花火が舞う夜空を見つめながら吸血鬼のお姫様と手を繋ぐ



 一分と掛からず目的地である丘の上に着いた。

 花火が打ち上げられる湖を見渡せる他、会場に並ぶ屋台の灯りが一望出来る絶好のポイントだ。


 目印として魔除けの魔法具が設置されているので、低級のモンスターなら寄ってこない。

 万が一来たとしてもこの辺りの生息モンスターなら素手でも対処出来る。

 とは言ってもお嬢の希望を叶えるために来ている以上、そんなことが起きないように対策済みだが。


「さっき言ってた特等席ってここなの? 確かに花火は見やすいけれど、特に穴場って感じもしないのに他の誰もいないのは不自然じゃないかしら?」


 さも平然を装っているが、その実お嬢はさっきの空中移動によって腰を抜かしているままだ。

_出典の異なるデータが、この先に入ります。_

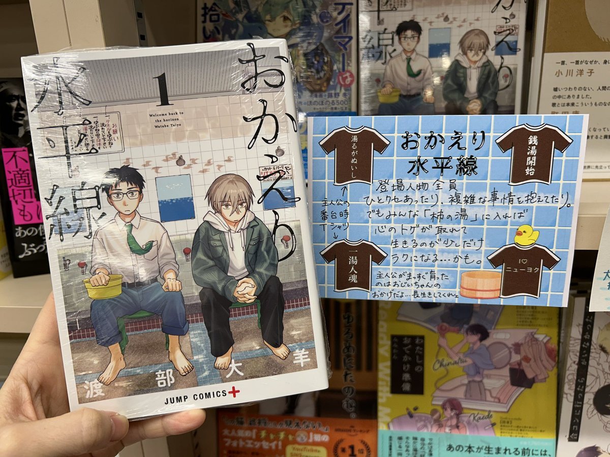 【推し本フェア】 『#おかえり水平線 』(#集英社 ) #渡部大羊 さん著 登場人物全員、ひとクセあったり、複雑な事情を抱えてたり。 でもみんな「柿の湯」に入れば、心のトゲが取れて生きるのが少しだけラクになる…かも。♨️ #名古屋空港店の推し本 pic.x.com/0pvJCbvVmG
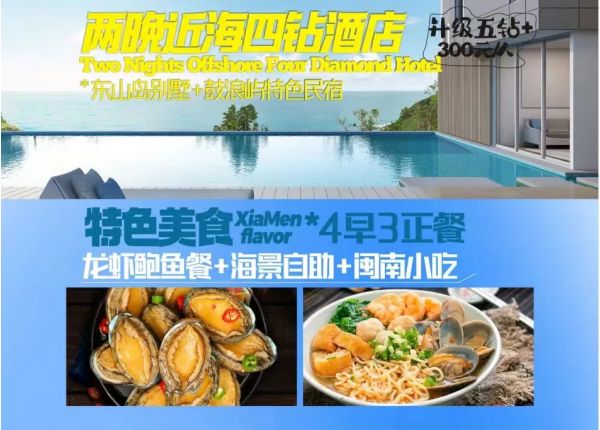 廈門市區(qū)2晚近海4鉆酒店+1晚東山島海邊別墅酒店+1晚鼓浪嶼精品民宿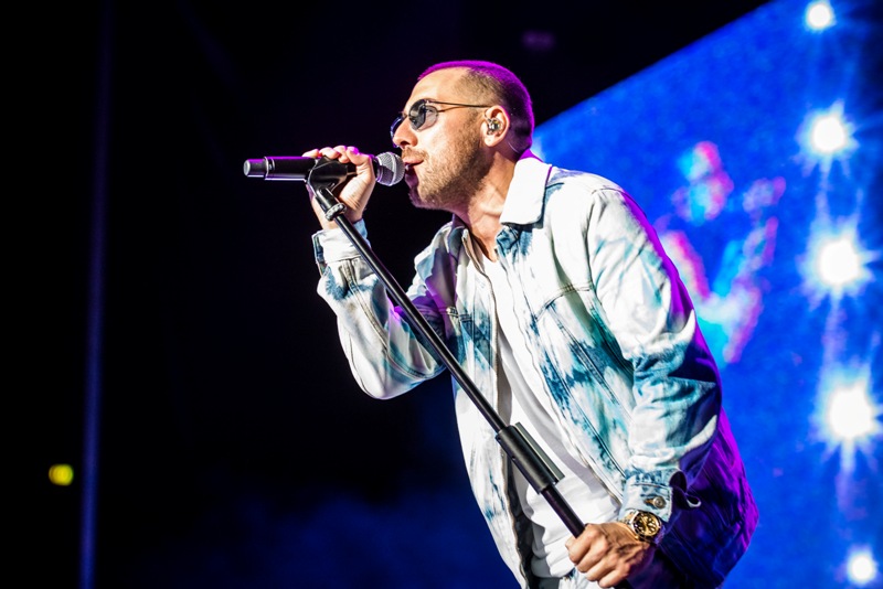 In un momento di respiro e riflessione, viene proiettato il video che testimonia il lavoro dei volontari di Open Arms. Lo show riprende con un set acustico e intimo su “Mamma Roma”, “Vorrei portarti via”, “Le parole più grandi”. Da cantare a squarciagola “Le luci della città”, che prende vita sulle immagini di una Roma decadente vista dall’alto nel buio di un giorno di festa, quasi come a volerla guardare da lontano. Il terzo medley della set list si apre con l’autotune e sintetizzatori di “Occhiali scuri” per poi seguire con il pezzo più rock del live “Invece no”. Atmosfera e luci sospese, iniziano le note di “Aeroplani”, ballad atipica ed underground che aspetta a chiudere lo spettacolo.

 今は俺の腕に掴まり立ちすることで何とか歩けている。


 俺のせいなのでツッコミを入れる気は無い。

 ひとまずお嬢の質問に答えよう。


「そりゃそうだろ。この辺り一帯は貸し切ってるんだから俺達以外は誰も来れないぞ」

「はぁっ!?」


 特に隠すことじゃないから答えを口にしたら、お嬢は目を見開いて驚愕を露わにした。

 なんとか飲み込んでから、俺に訝しげな眼差しを向ける。 


「こう言うのは申し訳ないけれど、イサヤに貸し切りが出来る財力は無いはずよね?」

「事実だから否定しないけど俺じゃなかったら怒られるからな? ブレイブラン子爵様に借りを返して貰う形で貸し切りを頼んだんだよ」

「あぁそういえばエセ勇者の件で借りがあったわね。そういう使い方は嫌いじゃないわ」


 返答に納得がいったようで、お嬢はニコリと笑みを浮かべる。


 夏祭りをデート先として選んだ際に、ジャジムさんにお願いして子爵様に連絡して貰ったのだ。

 ユートの件で借りがある俺の要望に子爵様は快諾した結果、こうして絶好の花火観覧スポットを用意してくれたのである。

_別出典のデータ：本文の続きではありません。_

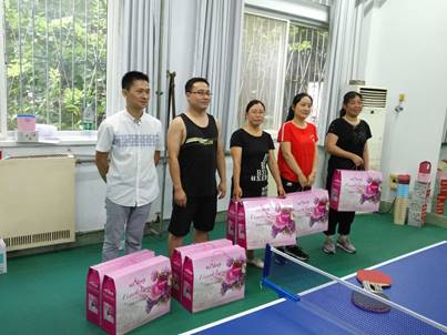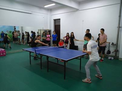 下午三点,根据抽签情况,各项比赛陆续拉开了帷幕。由于人员较多,所以比赛分为淘汰赛和决赛两个阶段,决赛定于在数学与统计学院工会活动室举行,淘汰赛阶段则在活动室外的乒乓球场地举行。天气虽热,比赛场上却是劲头十足,各位选手挥洒汗水、展现活力,享受着比赛的乐趣与收获,赛场外,队友自发组成啦啦队的助威,叫好声接连不断。乒乓球比赛中直拍、横拍、扣球、旋转球、狐线球等精湛的球技展示让人目不暇接,参赛选手以高超的技术和认真的态度赢得了观众的阵阵掌声。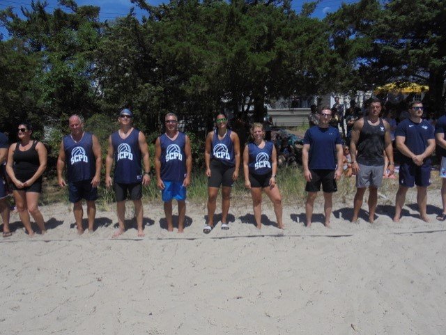Suffolk County Police Department takes these games seriously enough to dispatch the Emerald Society Pipes and Drums Marching Band. Cherry Grove has cheerleaders, singers and other entertainers. The August 2, 2023 games were one more step in this proud tradition. The tournament is played in three games and the skills of both teams is always too close to call. This year the Copettes prevailed, with the final score being 23/21. Stay tuned for additional coverage by veteran Fire Island News columnist, Robert Levine. In the meantime, enjoy the photos!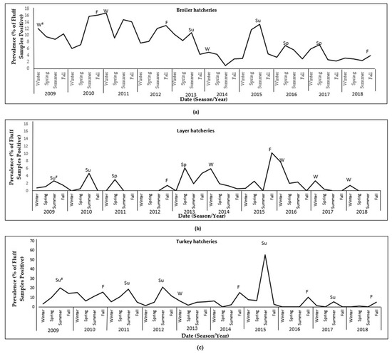 Long-term trends of S. enterica prevalence among the different poultry commodities were illustrated after estimating the annual prevalence for the 2009 to 2018 period. Additionally, seasonal prevalence patterns were visualized for each poultry commodity. For this purpose, and in keeping with previous Canadian studies, winter was defined as January to March, spring as April to June, summer as July to September, and fall as October to December. Seasonal prevalence was estimated by dividing the total number of S. enterica-positives from all hatcheries for each season by the total number of samples that were submitted during the same season and multiplying by 100.
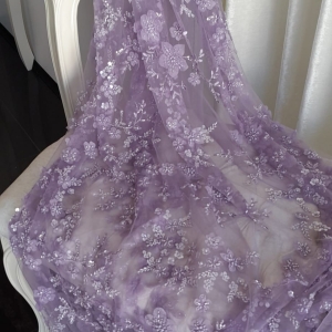 Renda para cerimónia cor salmão e liás. Estilo floral 3D e pedraria.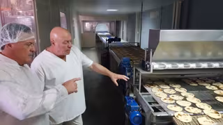 El diputado provincial de Vox en la Diputación, Rafael García, visita la fábrica de tortas Andrés Gaviño, en la localidad de Espartinas. - VOX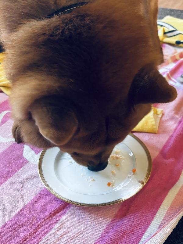 My 15 year old fussy husky has decided this stuff is the best thing ever! As soon as I started to squeeze this topper onto her dry food, Emmy couldn’t wait to eat. With easy to open, convenient packaging I find this far superior to canned wet food when I need to encourage her to eat, no dirty spoon or leftovers in the fridge. Also it’s nice that this actually smells like food, (real fish and chicken!), rather than typical wet dog food.

 ちなみに場所選びから設営を行ったのはユートだそうだ。

 お嬢といい子爵様といい、いくら反省を促すとはいえ扱いが完全にパシリなんだよなぁ。


「なるほど、そういうことなら存分に使わせてもらいましょ」

「そうしてくれ。じゃ、早速ジャジムさん特製のたこ焼きを食べるか」


 敷かれてあったレジャーシートに揃って腰を下ろす。

 これもユートが用意したのかと思うと少し切ない気持ちになってしまう。


 なんて誰に言うでもないことを考えていると、お嬢が満面の笑みを浮かべながらホカホカのたこ焼きを俺に差し出して来た。


「はい、イサヤ。あ~ん♡」


 妙にぶりっこな声音と共にたこ焼きを食べさせようとして来る。

 しかしお嬢は笑顔なはずなのに目が笑ってないのは気のせいだろうか?


「お、お嬢? なんでいきなり食べさせようとして来るんだ?」


 口元に運ばれようとするたこ焼きから逃れようと体を仰け反らせながら、ニコニコと良い笑みを浮かべるお嬢に尋ねた。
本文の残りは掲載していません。